Controlling memory usage

Anders Berg andersb at
Mon Jul 17 22:47:18 CEST 2006

On Jul 17, 2006, at 21:34, Dag-Erling Smørgrav wrote:

> Anders Berg <andersb at> writes:
>> The reason Anders N. asks about this is how Squid works today. The
>> squid.conf file leaves you with a option to specify how much RAM you
>> wanna use for Squid.
> I've worked with Squid quite a lot myself, and IIRC it normally uses
> about four times as much as you specify in the config file...
>>                      The problem is that Squid (probably because of
>> old design) does not really "follow" that option. If you set 256 MB
>> RAM, you can still end up using 500 MB RAM, and if you set option
>> close to max memory you will for certain overflow your physical RAM
>> and start swapping/die. Your answer was detailed Poul-Henning, but
>> what will prevent this from happpening in Varnish? Lets say you have
>> 2 applications running on a Varnish box, and both use the memory
>> model Varnish uses, what will happen in the long run with a lot of
>> traffic? Will they both adjust themselvs to match pysical RAM, how
>> would they "compete" for RAM etc?

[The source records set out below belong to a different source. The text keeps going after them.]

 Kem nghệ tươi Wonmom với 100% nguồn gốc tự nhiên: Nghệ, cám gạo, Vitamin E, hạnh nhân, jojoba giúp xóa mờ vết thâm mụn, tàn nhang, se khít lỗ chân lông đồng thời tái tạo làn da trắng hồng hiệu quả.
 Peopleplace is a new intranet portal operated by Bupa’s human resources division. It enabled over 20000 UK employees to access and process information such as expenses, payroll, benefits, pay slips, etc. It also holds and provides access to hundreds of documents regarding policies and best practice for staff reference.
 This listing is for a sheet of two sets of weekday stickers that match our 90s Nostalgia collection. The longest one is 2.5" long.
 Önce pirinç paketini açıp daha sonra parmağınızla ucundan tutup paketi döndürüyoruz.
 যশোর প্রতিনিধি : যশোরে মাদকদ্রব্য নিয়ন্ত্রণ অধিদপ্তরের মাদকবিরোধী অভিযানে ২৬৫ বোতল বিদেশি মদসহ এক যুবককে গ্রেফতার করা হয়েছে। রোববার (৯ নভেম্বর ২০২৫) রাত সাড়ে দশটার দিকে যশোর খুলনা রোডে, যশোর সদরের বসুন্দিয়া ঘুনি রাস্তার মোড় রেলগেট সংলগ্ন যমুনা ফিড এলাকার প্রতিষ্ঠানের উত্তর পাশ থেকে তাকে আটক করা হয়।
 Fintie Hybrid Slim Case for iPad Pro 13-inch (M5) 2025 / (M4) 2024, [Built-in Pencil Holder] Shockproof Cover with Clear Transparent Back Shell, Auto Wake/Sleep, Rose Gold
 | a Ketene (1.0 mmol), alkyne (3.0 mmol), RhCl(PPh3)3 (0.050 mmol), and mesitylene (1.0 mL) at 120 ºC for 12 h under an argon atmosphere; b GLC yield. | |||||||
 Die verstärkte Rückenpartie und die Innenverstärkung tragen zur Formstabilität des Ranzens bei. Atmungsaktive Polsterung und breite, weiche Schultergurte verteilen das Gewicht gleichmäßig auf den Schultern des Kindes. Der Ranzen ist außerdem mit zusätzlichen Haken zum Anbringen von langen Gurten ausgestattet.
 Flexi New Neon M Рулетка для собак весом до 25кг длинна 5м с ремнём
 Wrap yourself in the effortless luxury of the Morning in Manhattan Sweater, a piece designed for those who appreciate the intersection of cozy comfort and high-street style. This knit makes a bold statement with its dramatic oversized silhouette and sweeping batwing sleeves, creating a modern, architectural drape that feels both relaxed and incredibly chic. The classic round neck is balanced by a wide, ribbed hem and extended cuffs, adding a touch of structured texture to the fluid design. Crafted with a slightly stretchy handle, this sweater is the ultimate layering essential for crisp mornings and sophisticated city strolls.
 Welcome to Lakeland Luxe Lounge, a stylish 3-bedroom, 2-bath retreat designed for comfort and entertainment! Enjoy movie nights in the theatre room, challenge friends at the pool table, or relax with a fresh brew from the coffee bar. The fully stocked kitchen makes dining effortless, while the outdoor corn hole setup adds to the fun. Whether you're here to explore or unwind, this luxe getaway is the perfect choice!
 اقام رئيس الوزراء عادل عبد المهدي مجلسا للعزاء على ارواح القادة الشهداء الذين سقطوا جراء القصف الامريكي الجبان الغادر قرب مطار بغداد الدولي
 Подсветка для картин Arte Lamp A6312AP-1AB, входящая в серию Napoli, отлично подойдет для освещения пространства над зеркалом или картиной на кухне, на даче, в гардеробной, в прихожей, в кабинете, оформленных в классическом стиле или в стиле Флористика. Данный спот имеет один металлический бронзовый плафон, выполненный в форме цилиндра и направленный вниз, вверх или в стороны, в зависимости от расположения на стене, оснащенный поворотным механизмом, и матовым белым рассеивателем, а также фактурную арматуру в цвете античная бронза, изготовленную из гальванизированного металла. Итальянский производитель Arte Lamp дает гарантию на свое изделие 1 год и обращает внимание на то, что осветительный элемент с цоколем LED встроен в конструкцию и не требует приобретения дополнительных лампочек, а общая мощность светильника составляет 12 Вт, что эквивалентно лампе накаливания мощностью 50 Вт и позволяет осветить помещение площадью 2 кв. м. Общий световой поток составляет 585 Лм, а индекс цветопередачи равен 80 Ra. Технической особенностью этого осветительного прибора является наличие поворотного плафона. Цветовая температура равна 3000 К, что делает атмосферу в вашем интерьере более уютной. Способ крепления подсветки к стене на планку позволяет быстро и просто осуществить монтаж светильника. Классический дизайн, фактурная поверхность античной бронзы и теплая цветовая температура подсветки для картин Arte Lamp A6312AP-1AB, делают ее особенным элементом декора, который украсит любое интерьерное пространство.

It's possible you have already
>> answered that below, but how do we "limit" RAM usage?
> We don't.  The kernel takes care of it.  If memory is scarce, the
> kernel will allocate less memory to the buffer cache and Varnish
> performance will decrease.
> (assuming you use file storage, not malloc storage)
> As for heap usage, which the kernel has less control over, it is
> mostly a function of the number of objects in the cache; we can take
> care of that by setting an upper limit on the number of cached
> objects, or even on the amount of heap used to track objects.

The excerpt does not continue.